Every service mesh implements distributed tracing differently, but they have a few things in common. They all require the app code to be modified so each request will have the unique trace header added and propagated through the entire call chain of services. They also require the use of a separate tracing backend.

Distributed tracing is intended to be used when metrics and other information already collected by the service mesh don’t provide enough information to troubleshoot a problem or understand an unexpected behavior. When used, distributed tracing can provide valuable insights as to what’s happening within a service mesh.

All the service meshes use the same specification for their trace headers: B3. If you’re interested, you can learn more about the B3 trace header specification at https://github.com/openzipkin/b3-propagation (https://github.com/openzipkin/b3-propagation).

Security: Mutual TLS

Service meshes can protect the communications between pods by using Transport Layer Security (TLS), a cryptographic protocol. TLS uses cryptography to ensure that others can’t monitor or alter the information being communicated. For example, if a malicious actor had access to the networks the service mesh uses, that actor wouldn’t be able to see the information being transferred in the microservice-to-microservice communications.
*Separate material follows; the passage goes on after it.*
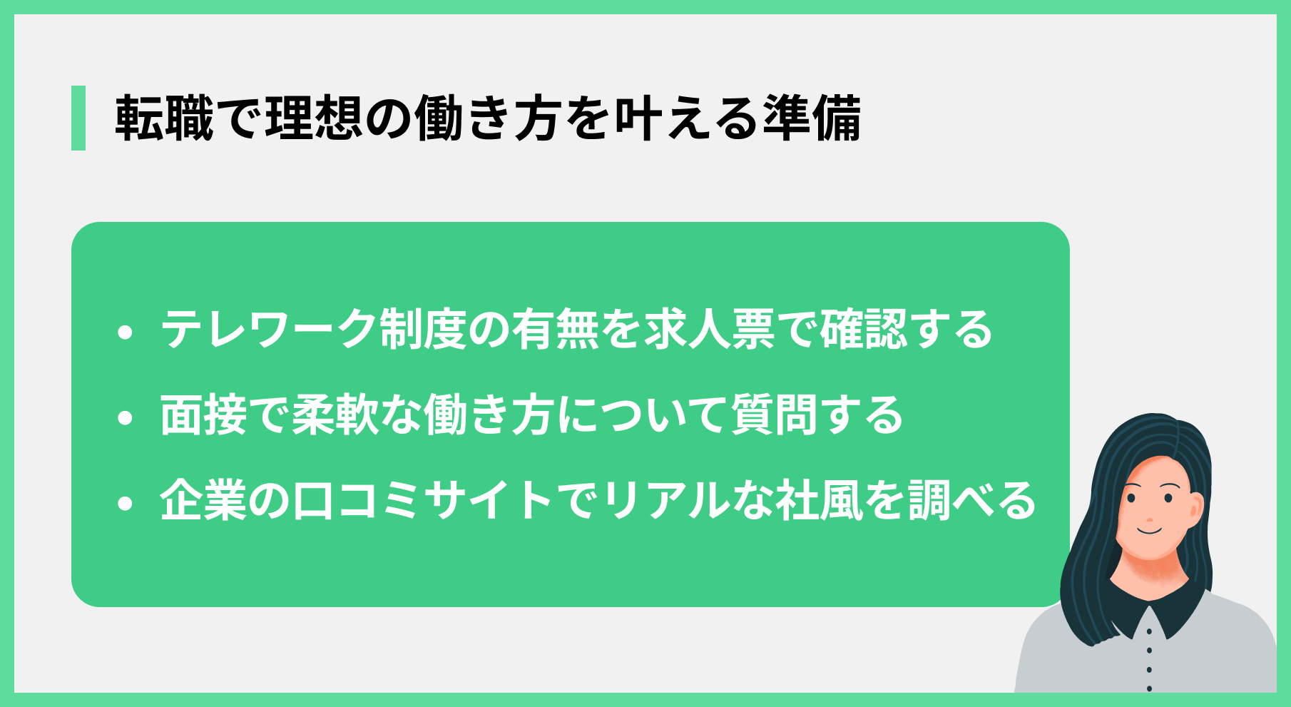 色々と試してみたけれど、やはり今の会社では働き方を変えるのが難しいと感じるかもしれません。その場合は、自分の希望を叶えられる会社へ転職することも、前向きな選択肢の一つです。転職活動を始める前に、いくつか準備しておきましょう。

In service meshes, TLS is used between service proxies. Service meshes actually use a form of

TLS called mutual TLS. Each service proxy has a secret cryptographic key that confirms its identity and allows it to decrypt the communications it receives. Each service proxy also has a certificate for every other service proxy that allows it to encrypt the communications it sends so that only the intended recipient can decrypt them.

Basically, as part of initiating any communications from pod to pod, each service proxy first verifies the identity of the other service proxy through authentication, then encrypts their communications so that no other service proxies can access it. The figure below shows a simplified example of this. One mTLS session protects the communications between the service proxies for A and B, and another mTLS session provides similar protection for communications between B and C. Because each microservice instance has a unique key, each session is encrypted in a way that only that particular microservice instance can decrypt.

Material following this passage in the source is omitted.